The implications for behavior design—and for anyone whose work involves understanding how environments shape choices—are acute. Governance has always worked, in part, through the design of default environments. The architecture of a city, the layout of a government office, the sequencing of a benefits application—these are choice environments that shape behavior before individuals consciously engage with them. What changes now is that those default environments are increasingly digital, increasingly private, increasingly global, and increasingly AI-mediated. The designer of the interface is, in a meaningful sense, the designer of the governing environment. When that designer is not accountable to the people being governed, the concept of democratic consent begins to hollow out from the inside.
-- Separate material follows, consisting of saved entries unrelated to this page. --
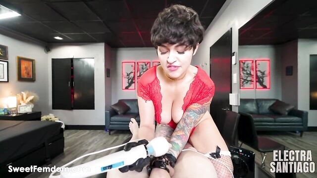 - Description: Miss Electra Santiago, with short hair and massive tits spilling out of red lingerie, towers over her locked-up bitch boy. Black gloves on, piercings flashing, she grinds her fat ass right on his desperate face while he’s crammed in that tiny cage. She laughs, calls him a pathetic worm, then grabs the Hitachi and presses it hard against his swollen caged cock. The vibe buzzes like crazy while her juicy pussy and asshole smother him till he can’t breathe. He squirms, begs, and finally explodes in his cage, cum leaking everywhere from nothing but her cruel ass and that toy. Pure femdom filth.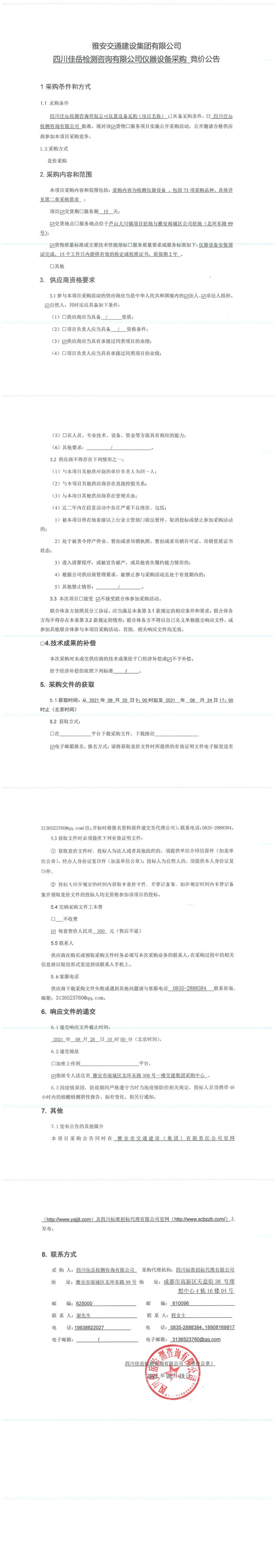 雅安交通建設(shè)集團(tuán)有限公司四川佳岳檢測(cè)咨詢有限公司儀器設(shè)備采購(gòu)競(jìng)價(jià)公告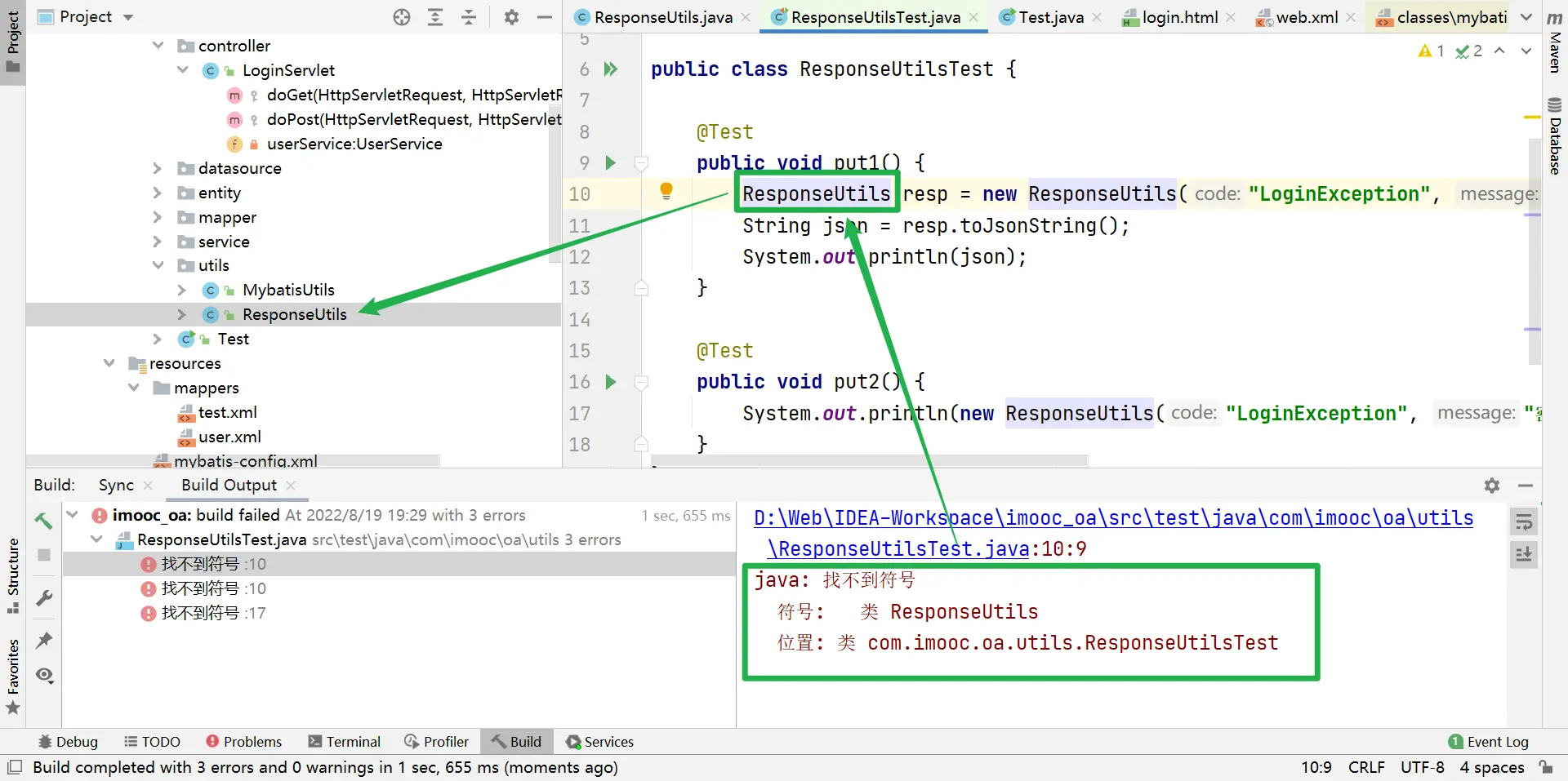 创建子包com.imooc.oa.entity,用于存储数据库的一个个对象 新建User.java类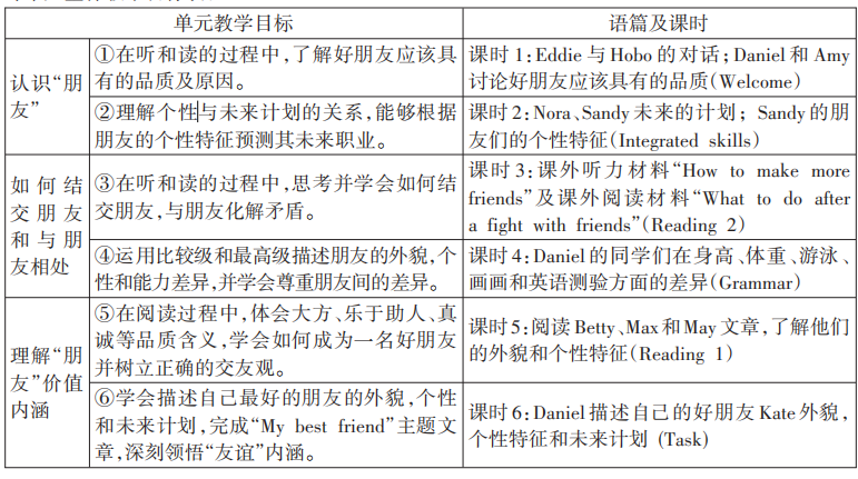 单元整体教学设计首先要对单元语篇进行细致的解读,探究各部分内容之间的关联,明确单元主题。本课教学内容为“Friends”,是模块一“Teenage life”的第一个单元,类属“人与自我”主题语境,该单元以“我”为视角,围绕“朋友与重要品质”的主题展开,共有6个课时的内容,涉及10篇课内语篇和教师在研读和分析的基础上1篇课后练习语篇。,要对所有语篇的主题意义进行整合,并提炼出学生需要逐层掌握的核心主题维度:知道什么是“朋友”,了解好朋友的必备品质;知道如何结交朋友和与朋友相处,树立正确的交友观;理解朋友的深层价值意义,珍惜友谊。此外,还可以补充一些与主题相关的语篇,如英语《随堂反馈》中的阅读语篇“What to do after a fight with friends”和听力语篇“How to makemore friends”等,以帮助学生拓展英语学习渠道,深刻把握主题意义内涵。
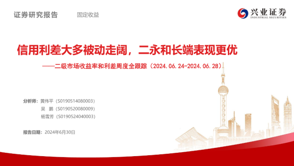 【兴业证券】【20240630】二级市场收益率和利差周度全跟踪:信用利差大多被动走阔,二永和长端表现更优-49页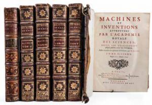 Gallon Jean Gaffin. Machines et Inventions approuvées par l’Académie Royale des Sciences, depuis son établissement jusqu’à présent, avec leur description. Paris, Boudet et Martin, Coignard et Guérin, 1735, 6 volumes in-4 reliés pleine basane,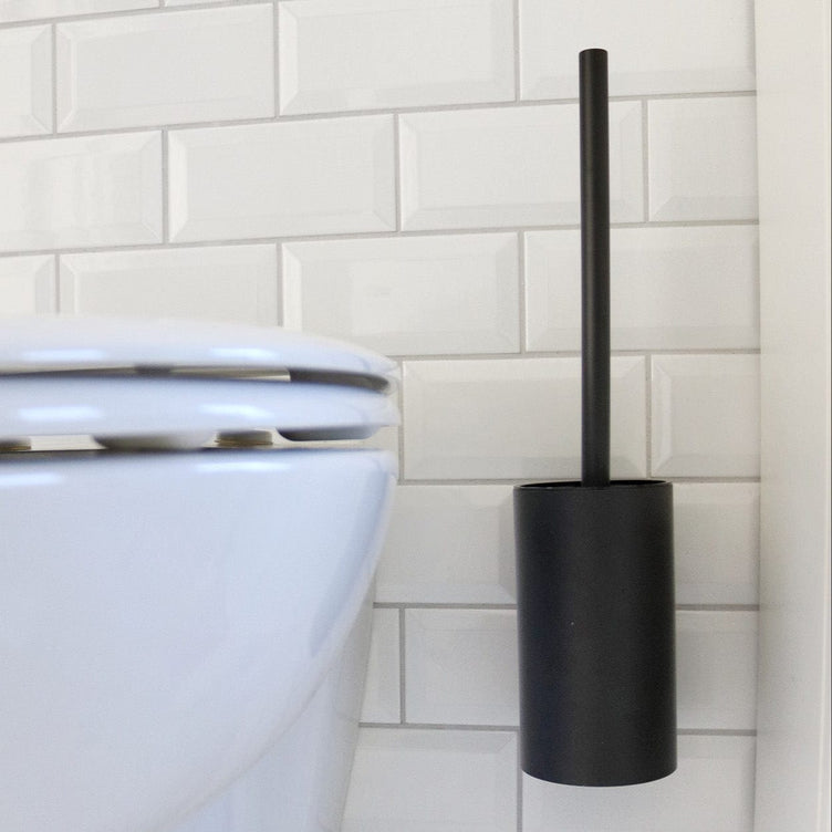 Beslagsboden WC-børste, veggmontering. Finnes i børstet rustfritt stål (B1035), svart matt (BB1035), krom (BK1035) Selvklebende. Høyde 370 mm.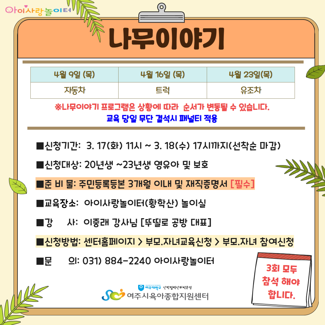 4¿ù ¾ÆÀÌ»ç¶û³îÀÌÅÍ ³ª¹«À̾߱â ÇÁ·Î±×·¥ ¾È³»

We do not end with a resolution because there is not one yet. Territory still matters. Cities remain powerful. The stack is still being built and its control is still being contested. What has changed is the question. The decisive question of political life is no longer primarily "who governs this land?" It is "who controls the stack through which life is coordinated?" That question is being answered, largely by default, by a small number of infrastructure providers, platform companies, and AI developers operating outside the architecture of democratic accountability. The path forward is not to reject the stack—it cannot be rejected, and many of its affordances are genuinely emancipatory—but to insist that its construction is a political choice, subject to political contestation, with democratic standards applied to it as seriously as they are applied to territory. We are, in other words, still deciding whether government in the cloud is a public infrastructure or a private one. That decision will not wait indefinitely.